Stokes was reported in Geelong's Round 7 clash against the Brisbane Lions, after striking Brisbane's Michael Rischitelli in the match's first quarter. Stokes went on to garner two goals and 12 disposals for the game. At the AFL Tribunal, he accepted a one match suspension for the incident, but due to his poor tribunal record, which includes a four match suspension for an incident in the 2007 pre-season, his ban could not be reduced with an early plea. Stokes went on to play 22 games for 2008 including the loss in the 2008 AFL Grand Final against Hawthorn. He had a career high 31 disposals (22 kicks, 9 handballs, 13 marks and 2 goals) in the round 2, 99-point win against Essendon.
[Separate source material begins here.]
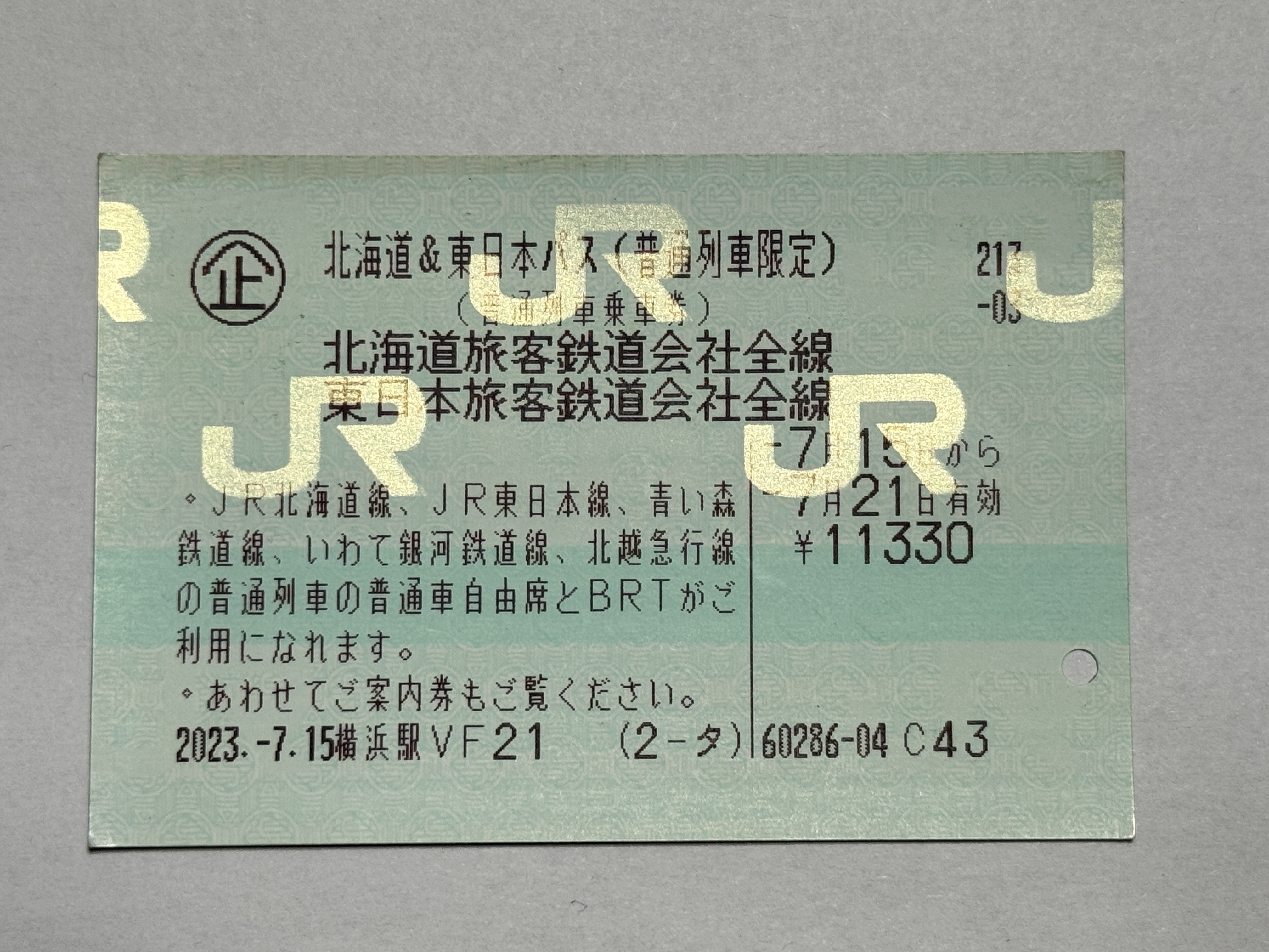 이 패스는 일본인도 살 수 있는 보통열차용 교통패스입니다.

Stokes played 19 games in total for 2009, including the second qualifying final against the Western Bulldogs. He withdrew from the preliminary final against Collingwood due to groin soreness, and as a result of Geelong winning the preliminary final by a large margin and all players performing well, he could not force his selection back into the team for the grand final against St Kilda.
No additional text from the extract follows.